The current available GPS data sources are:
UnrSource: Nevada Geodetic Laboratory (UNR) GPS dataUnrGridSource: Nevada Geodetic Laboratory (UNR) Gridded DataSideshowSource: Jet Propulsion Laboratory (JPL) Sideshow GPS data
All sources implement a common interface through the BaseGpsSource class, making it easy to switch between data providers or combine data from multiple sources.
from geepers.gps_sources import UnrSource
# Create a GPS data source
unr = UnrSource()
# Get station information within a bounding box
stations = unr.stations(bbox=(-120, 35, -115, 40)) # (west, south, east, north)

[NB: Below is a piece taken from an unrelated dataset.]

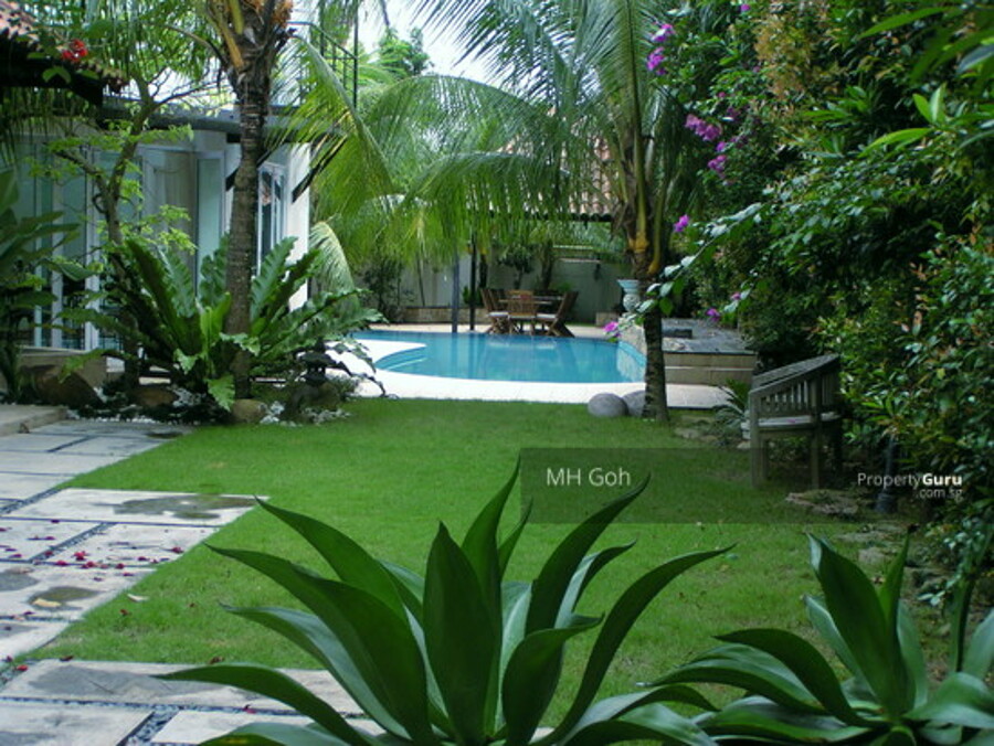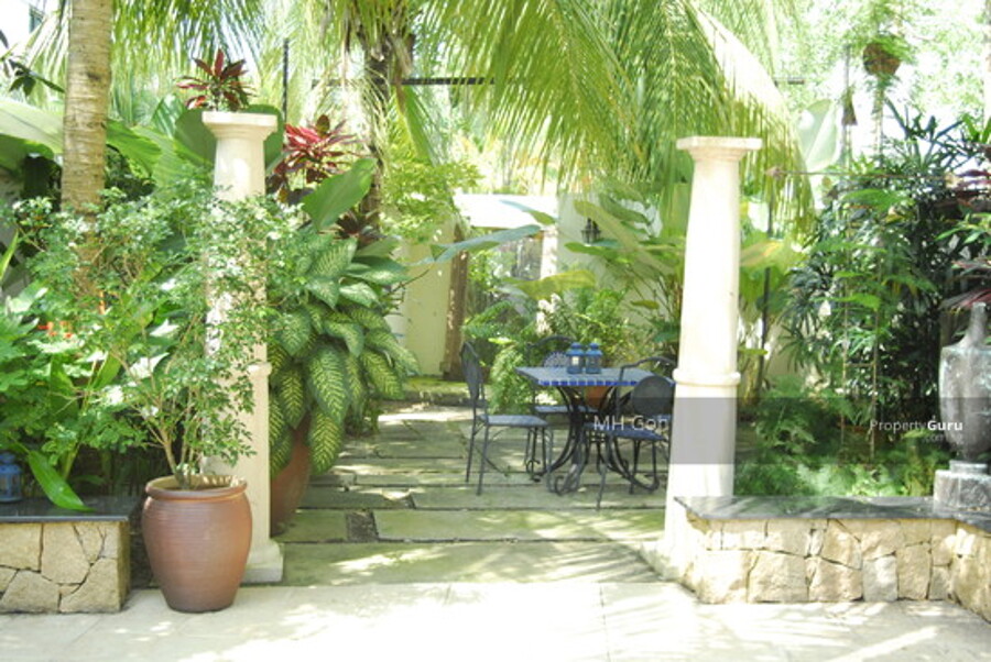 - Tropical Balinese style landscape with mature garden facing lush greenery.
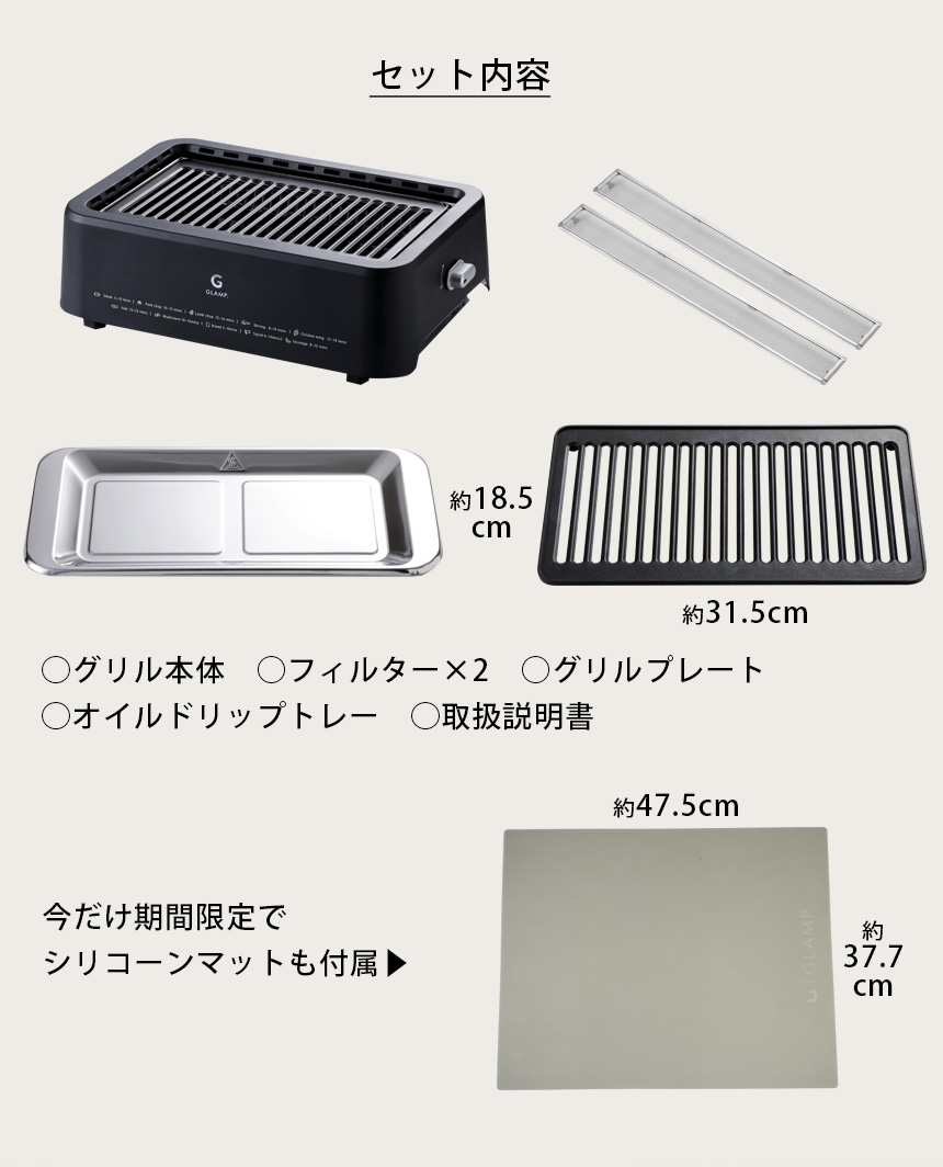 | セット内容 | グリル本体、フィルター×2、グリルプレート、オイルドリップトレー、取扱説明書 ※今だけ期間限定でシリコーンマットも付属。 |

print(f"Found {len(stations)} stations")
print(stations[['name', 'lat', 'lon']].head())
# Load time series data for a specific station
timeseries = unr.timeseries('P123', frame='ENU', zero_by='mean')
print(timeseries.head())
# Load data for many stations into one GeoDataFrame
df_many = unr.timeseries_many(bbox=(-115, 32, -105, 37))
print(df_many.head())The basic InSAR/GNSS comparison workflow is offered by the geepers command line tool.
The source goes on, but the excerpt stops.